How to Update a Azure ML Dataset with a new pandas DataFrame and How to Revert to a Specific Version if Needed


Is there a way that we could update an Existing Azure ML Dataset using a pandas Dataframe and update the version? The default Dataset is stored in a blob as a csv file.How can we approach this?

Also let's say we want to change the latest version to another version.
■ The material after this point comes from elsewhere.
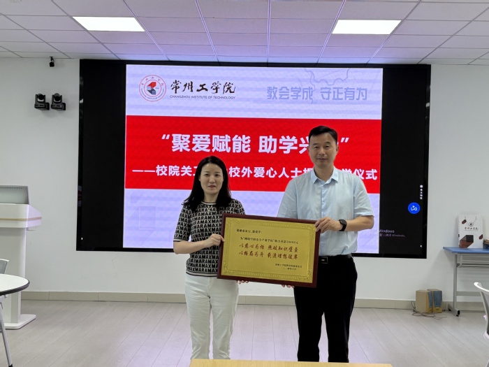 最后,校党委常委、副校长刘春节为邵女士颁发捐赠证书及“爱心助学使者”铜牌,铜牌上刻有“扶智扶志 泽被学子 善行流芳 厚德载物”字样,是对邵女士七年默默善举的高度认可。刘春节强调,本次仪式不仅为学生提供实际帮助,更彰显“学校主导、学院联动、社会参与”的协同育人新模式,为教育事业注入暖流。

enter image description here

Above we see that version 2 is the latest, but I want to change the latest to version 1 so that if anyone reads the Dataset it will be from version 1. Don't want to use versions specifically to retrieve it.


Solution

  • Regarding your first question, here are two methods to update your Azure ML dataset with a new version using a CSV file stored in Blob Storage:

    Method 1:

    from azure.ai.ml.entities import Data
    from azure.ai.ml.constants import AssetTypes
    
    blob_url = 'https://sampleazurestorage.blob.core.windows.net/data/my-sample-data.csv'
    
    my_dataset = Data(
        path=blob_url ,
        type=AssetTypes.MLTABLE,
        description="a description for your dataset",
        name="dataset_name",
        version='<new_version>'
    )
    
    ml_client.data.create_or_update(my_dataset)
    

    Method 2:

    import azureml.core
    from azureml.core import Dataset, Workspace
    
    ws = Workspace.from_config()
    datastore = ws.get_default_datastore()
    
    blob_url = 'https://sampleazurestorage.blob.core.windows.net/data/my-sample-data.csv'
    
    my_dataset = Dataset.File.from_delimited_files(path=blob_url)
    my_dataset.register(
        workspace=ws,
        name="dataset_name",
        description="a description for your dataset",
        create_new_version=True
    )
    

    If you want to update the dataset using a pandas DataFrame:

    my_df = ...  # the variable that contains the new dataset in a DataFrame
    my_dataset = Dataset.File.from_pandas_dataframe(dataframe=my_df)
    my_dataset.register(
        ...
    )
    

    Regarding your second question:

    Above we see that version 2 is the latest, but I want to change the latest to version 1

    It is not possible since 'latest' always points to the last (latest) uploaded version of the dataset with the given name. So, if you want a specific or latest version, you should change the version parameter in the Data class in the "Method 1" code snippet.